Friday, April 08, 2005

The Fermat's Last Theorem of Neurology Solved?

Jonathan Weiner, Pulitzer Prize-winning author of The Beak of the Finch, has a fascinating roller coaster article in this week's (sadly, only physical again) New Yorker about the famous disease lytico-bodig, which used to be prevalent among the Chamorros on Guam. It sometimes presents like Parkinson's or Alzheimer's or Lou Gehrig's disease - the tangle diseases of great and growing interest. Gajdusek of kuru fame was interested in lytico-bodig, as were various other smart people, but so far an explanation hasn't been forthcoming.

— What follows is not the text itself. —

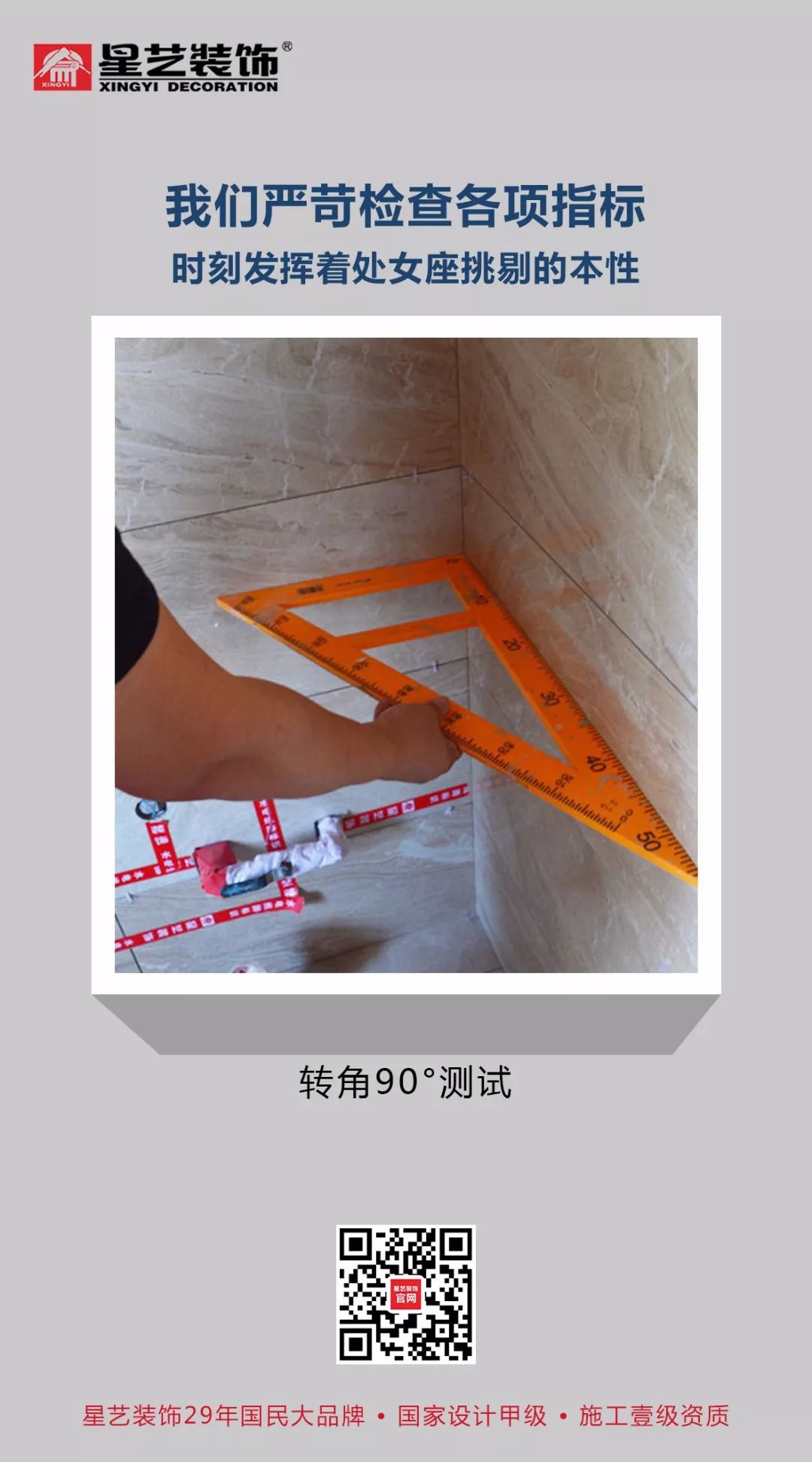 眾所周知,星藝的標(biāo)準(zhǔn)樣板工地已成為行業(yè)標(biāo)桿,但我們深知家裝行業(yè)沒有永遠(yuǎn)的霸主,施工工藝落實(shí)和服務(wù)創(chuàng)新永無止境!沉潛創(chuàng)新、鉆研工藝,滿足業(yè)主所想、超越業(yè)主所需,我們一直在努力!
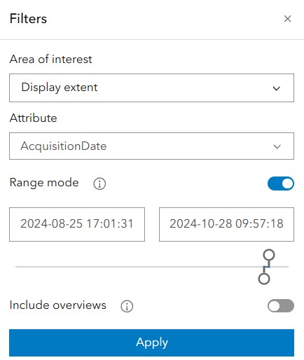 - To reduce the subset size further, click Filters on the ribbon, select AquisitionDate for Attribute, then drag the sliders to set a rough range that includes September 27, 2024, saying 2024-08-25 and 2024-10-28.

Readers of Oliver Sacks's The Island of the Colorblind will already know a bit about l-b and the possible connection of cycads to this syndrome. The Chamorros use cycad seeds to make flour, first soaking them in changes of water for a week or two, because the seeds contain poison - "If dogs or chickens drink the water from the first soaking, they die." A botanist named Brian Cox thinks that the Chamorros consumed a cycad seed protein in concentrated form through their diet of fruit bats, which they hunt with guns, introduced to the island rather roughly around the time the disease started. The bats are now endanged due to hunting and the predation of a non-native snake; and l-b is now rare and confined to the old.

Cox is not a patient scientist and now jets around the world to hot-spots of tangle diseases, which he hopes to explain in one fell swoop. Many scientists are skeptical. Maybe this is nothing, maybe it's extremely important. Read the article.